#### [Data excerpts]
-----

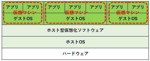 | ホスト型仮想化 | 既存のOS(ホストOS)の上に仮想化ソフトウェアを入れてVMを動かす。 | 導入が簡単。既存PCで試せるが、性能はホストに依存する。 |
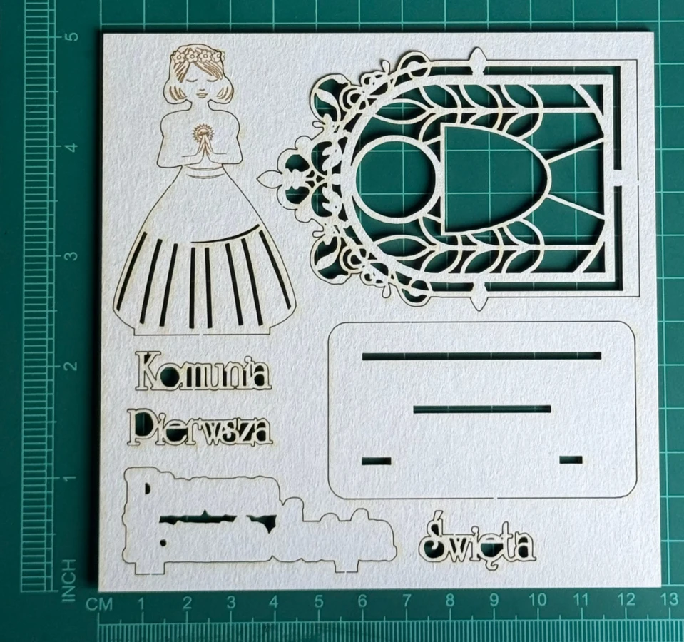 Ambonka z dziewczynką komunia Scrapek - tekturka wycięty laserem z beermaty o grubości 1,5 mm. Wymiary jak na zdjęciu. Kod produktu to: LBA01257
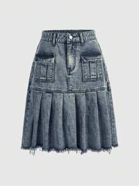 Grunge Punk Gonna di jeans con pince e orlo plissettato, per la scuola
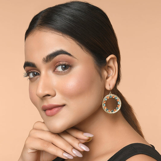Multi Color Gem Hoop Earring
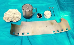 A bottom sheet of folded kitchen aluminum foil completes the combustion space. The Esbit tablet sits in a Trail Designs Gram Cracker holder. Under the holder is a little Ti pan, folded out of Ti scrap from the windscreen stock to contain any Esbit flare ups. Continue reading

-----

#### [Exercise instructions]
The copy should hold exactly the lines above from the one with "Ambonka z dziewczynką" through the one with "Multi Color Gem Hoop Earring", both ends counted, and no pictures at all.

#### [Written reply]
 Ambonka z dziewczynką komunia Scrapek - tekturka wycięty laserem z beermaty o grubości 1,5 mm. Wymiary jak na zdjęciu. Kod produktu to: LBA01257
 Grunge Punk Gonna di jeans con pince e orlo plissettato, per la scuola
Multi Color Gem Hoop Earring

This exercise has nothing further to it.